Montrer un planning clair et équitable dès l'entretien, donner à un nouveau vétérinaire une vue nette de ses semaines, de ses gardes et de ses congés dès son arrivée, répartir la charge de façon transparente entre tous : c'est précisément ce pour quoi veteam est pensé. Une intégration se joue beaucoup sur ces détails d'organisation, et un planning lisible envoie un signal simple — ici, les choses sont carrées et personne n'est laissé de côté.
En résumé
Recruter un vétérinaire ne s'arrête pas à la signature.

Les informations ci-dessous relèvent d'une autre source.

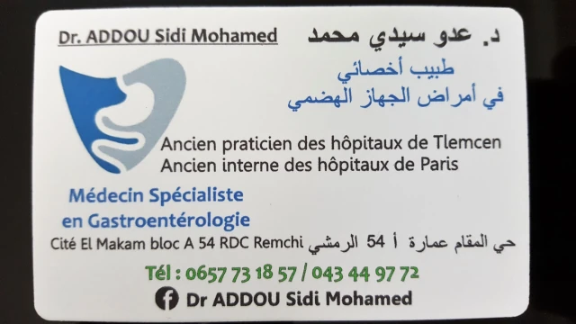 Le cabinet de Gastro entérologie et hépatologie du docteur ADDOU, localisé à REMCHI, dans la wilaya de TLEMCEN vous accueille de 08:00h à 16:00h, vous trouverez ci-dessous tous les actes pratiqués et les pathologies traitées par cet établissement.
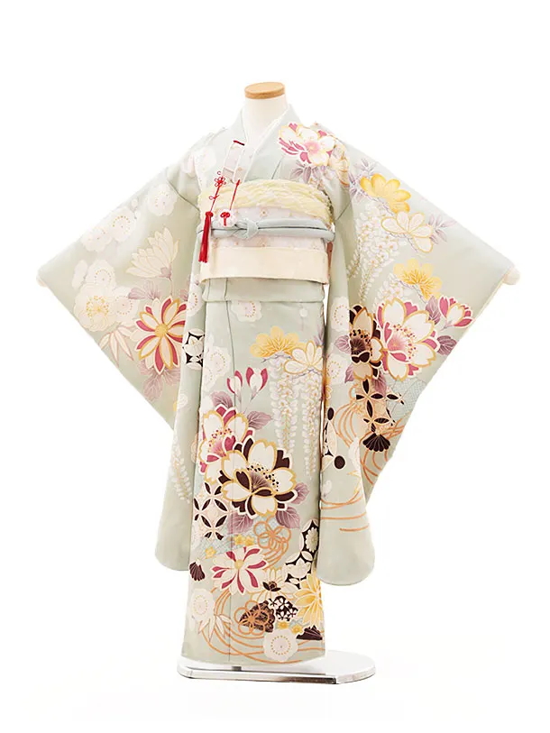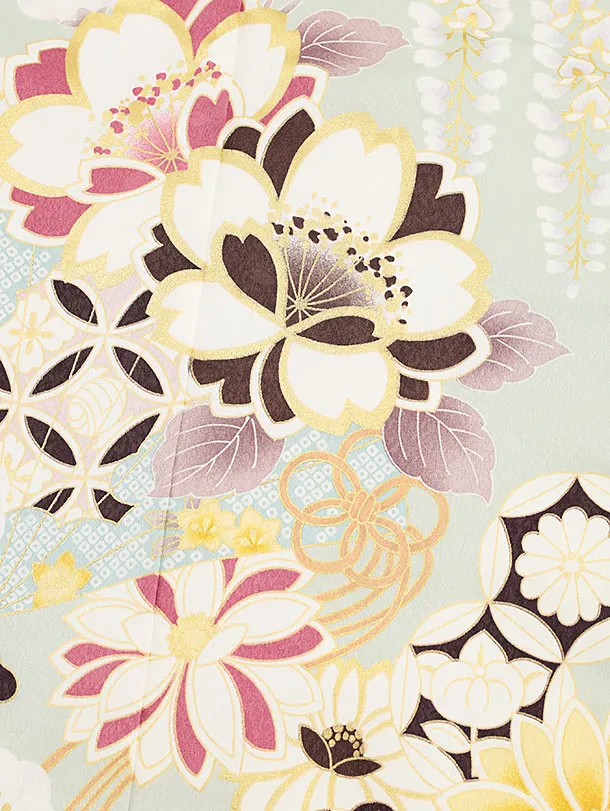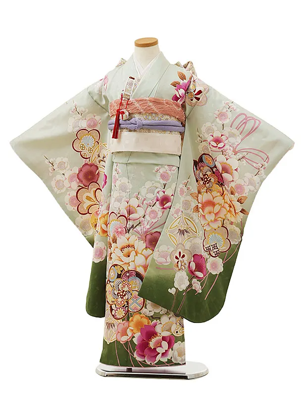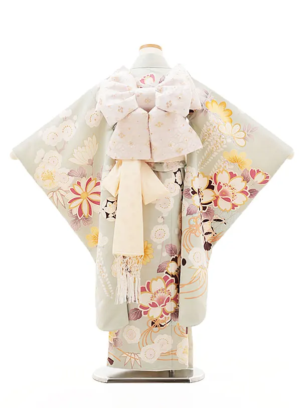 七五三(7歳結び帯)Y282 ペールグリーン 花づくし

Une annonce honnête attire les bons profils ; un entretien franc, planning à l'appui, les rassure ; et ce sont les premières semaines — binôme, montée en charge progressive, points réguliers — qui transforment une embauche en fidélité durable. Évitez le grand écart entre promesse et réalité, soignez l'équité, embarquez l'équipe en place. Le reste suit.